Printable solid-gel change composite materials with high latent heat, enhanced shape stability and combustion safety for efficient thermal management

Phase-change materials (PCM) provide large latent heat but often suffer melting-induced leakage and poor processability. Organic phase-change materials such as polyethylene glycol are attractive for energy storage, yet they lose shape and leak after melting. We introduce a solid - gel change strategy that confines molten polyethylene glycol with an ultralow-loading aramid nanofiber and MXene network. High-aspect-ratio aramid nanofibers at 1 wt% form hydrogen bonds with two-dimensional MXene at 2 wt%. The resulting crosslinked skeleton transforms the phase-change material into a shear-thinning gel above about 65 °C. This design retains high energy density with polyethylene glycol loading of 97 wt% and a latent heat of about 158.4 J g⁻¹. Liquid leakage is reduced to around 1.8 wt%. Thermal conductivity increases by nearly five times compared with pure polyethylene glycol.
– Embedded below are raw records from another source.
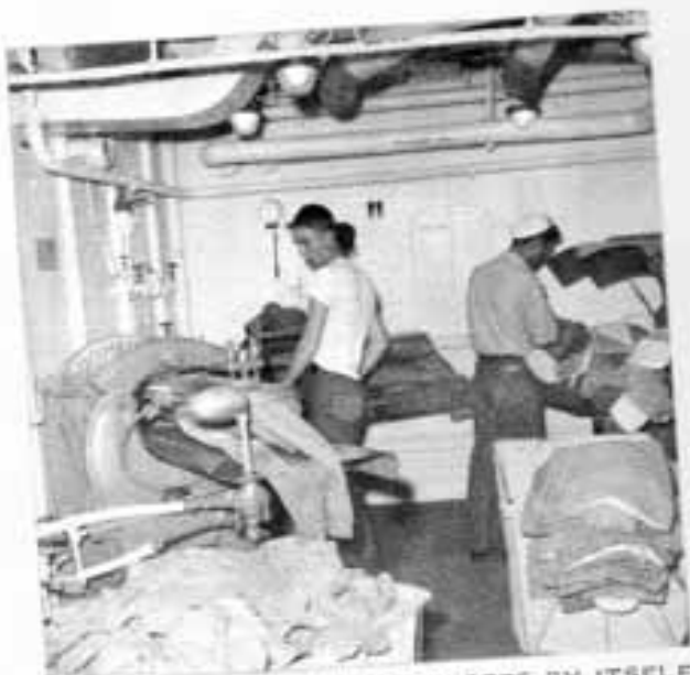
WOW!! THAT MACHINE PRESSES BY ITSELF
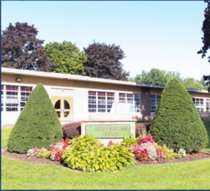
Christ the King
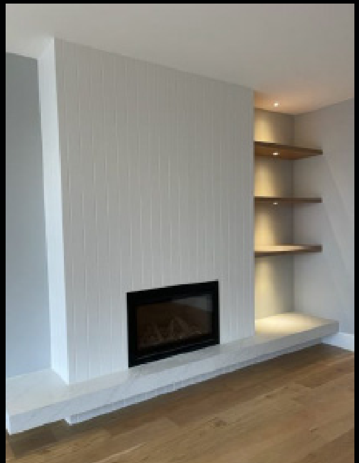
Project: 3 Suffolk Ave Coburg, VIC
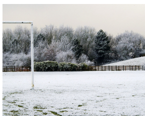
The above scene is being seen more and more around our area at the moment
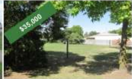
18 Bath St, Holbrook
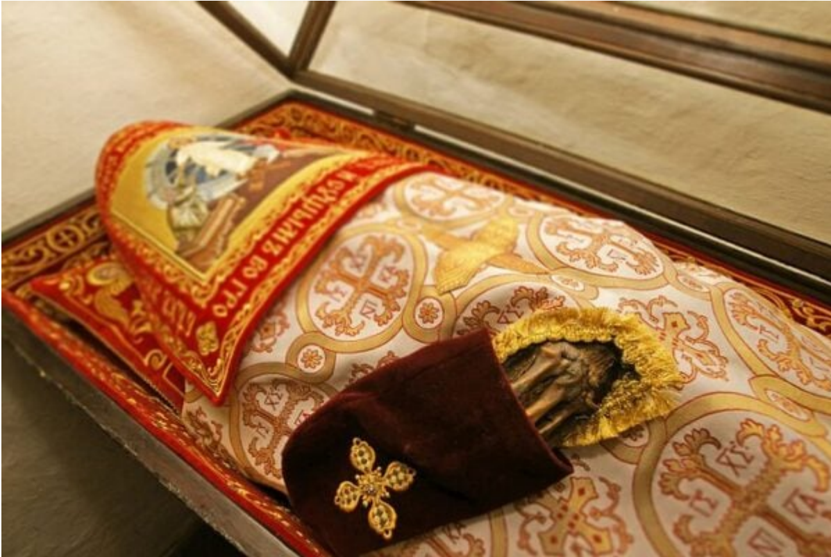
St. Agapit of the Kiev Caves
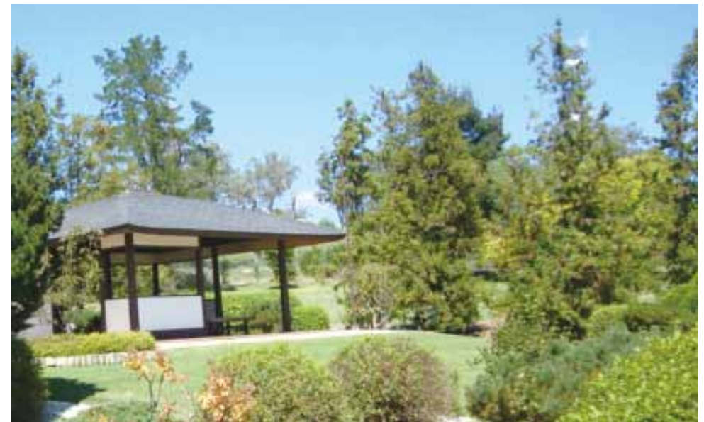
The Beautifully Maintained Japanese Garden

When you leave Sydney by car and go through the Blue Mountains, you reach Bathurst in about an hour. When you visit this area which is famous for breeding Angus cattle, I recommend that you call at the steak restaurant and pub A. J. Angus. After having a break here, thoroughly
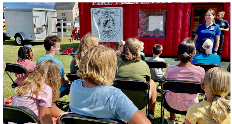
Thanks to Accomack County Emergency Services for their demonstration of fire safety in their smokehouse
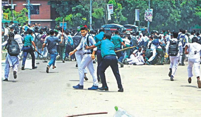
Police baton-charge students in Mirpur area of Dhaka City on 31 July 2018, when students of several colleges brought out the procession, demanding justice for the two college students who were killed in a road crash and for safe roads.
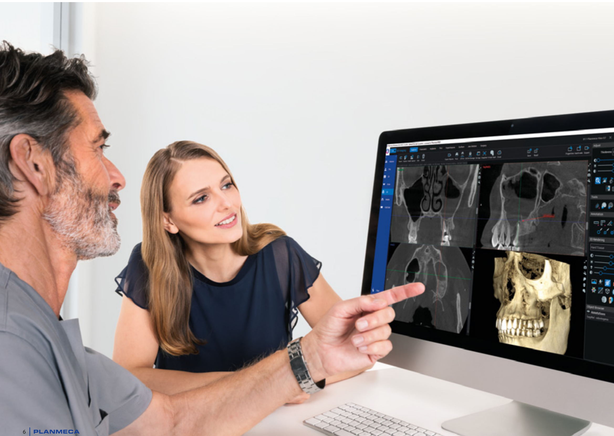
Image quality is among the most important factors in CBCT imaging. Planmeca Viso™ units shine in this area, as they allow you to capture crystal-clear images in all situations. Options for ultra low dose imaging, patient movement correction, noise removal, and metal artefact reduction are available as standard features.

The composite shows high-temperature shape stability, suppressed burning-drip behavior, efficient photothermal conversion, and reversible self-healing and reprocessing. The gel state also enables direct-write printing of customized geometries. Minimal additive content preserves latent heat while adding multifunctionality. This solid - gel change approach reconciles high energy density, thermal transport, safety, and manufacturability for next-generation thermal management.